Russian Federation ‘doubts’ Dutch MH17 probe
Relatives of people killed on Malaysia Airlines Flight 17 said yesterday they have been told an official investigation has concluded the jet was destroyed by a Buk missile, but the Russian maker of the weapon says its own probe contradicts the Dutch findings.
Investigation showed that the missile exploded more than 20 meters from the plane’s port-side engine, while re-enactment proved that the port-side would not be damaged if the missile were fired from Snizhne, said Mikhail Malyshevsky, adviser to the general designer of Almaz-Antei.
The Boeing 777 was shot down on 17 July 2014 over an area of Ukraine controlled by Russia-backed rebels, who for several days refused to allow access to the sprawling crash site.
According to the investigation, 160 commercial flights flew over the area where the Ukraine conflict was taking place on the day of the MH17 crash.
“As part of the (Joint Investigation Team), Malaysia remains single-minded in our pursuit of decisive action that will lead to prosecution of the trigger-happy criminals”, Transport Minister Liow Tiong Lai said.
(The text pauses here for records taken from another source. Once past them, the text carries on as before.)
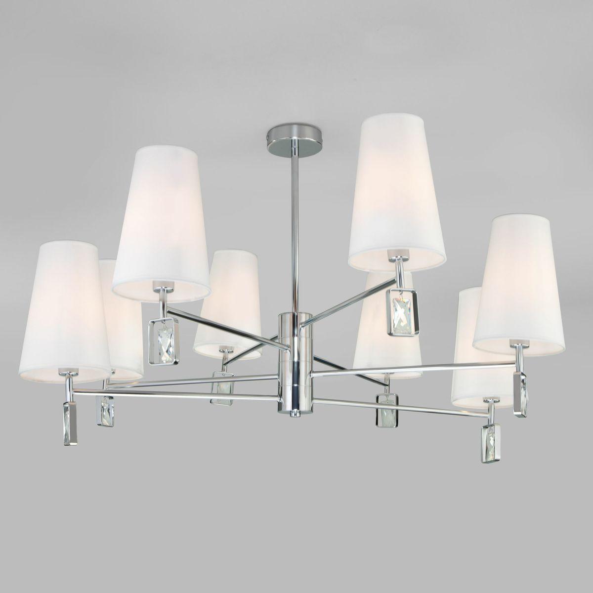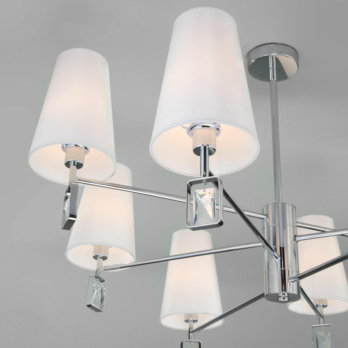 Подвесная люстра Eurosvet Milazzo 60137/8 хром от Китайского бренда из коллекции Milazzo будет удачно смотреться в гостиной в стиле модерн. Светильник выполнен из ткани с плафонами в форме белого цвета.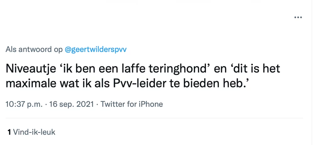 Wilders, G. [@geertwilderspvv]. (2021, 16 September). #hexit [Tweet]. Twitter.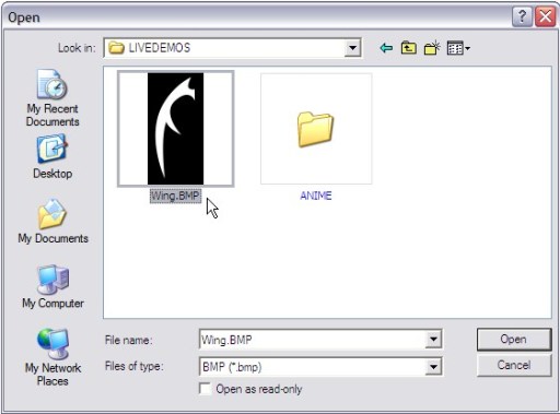 Find, select and open the image file, in this case Wing.BMP:

The aircraft was flying over rebel-controlled eastern Ukraine at the time of the incident.
Investigators also drew up a list of recommendations to prevent similar disasters in the future, criticising Ukraine for its decision to restrict rather than close airspace over a conflict zone.
Information from the first experiment, in which a missile was sacked at aluminum sheets mimicking an airliner’s fuselage, was presented to the Dutch investigators, but was not taken into account, Almaz-Antey chief Novikov said. The Dutch Safety Board’s tests, including analyses of metal and paint samples from missile fragments, conclusively debunk Russia’s claims about the missile.
He said the key findings presented to families were: “That it was a Buk missile, made in Russian Federation”.
The warhead was carried on a class of missile installed on the Russian-made Buk surface-to-air missile system.
Bishop told Seven Network television that a criminal investigation of the “atrocity” will continue.
In an appendix to its main report, the DSB said Russian Federation indicated that MH17 was downed by a missile that could have been fired from either the ground or an aeroplane.
“Flight MH17 crashed as a result of the detonation of a warhead outside the airplane”, Joustra said.
The Dutch Safety Board (DSB) said whatever happened to the plane happened quickly, leaving the passengers dazed or unconscious. Much of the reassembled wreckage was twisted and riddled with holes. On Tuesday it revealed the reconstructed front section of the plane at a hangar in the Gilze-Rijen airbase in southernNetherlands.
Russian Federation has vehemently disputed that theory, and it continued to do so yesterday with a competing presentation, saying that the missile must have been fired from Ukrainian-held territory, and that it was of a type that is no longer found in Russia’s arsenal. “That Ukraine should have closed the air space and that the passengers absolutely felt and knew nothing”.
“They showed us the fragments that were inside the plane”, Oehlers said, adding that in the room “it was so quiet, you could have heard a pin drop”.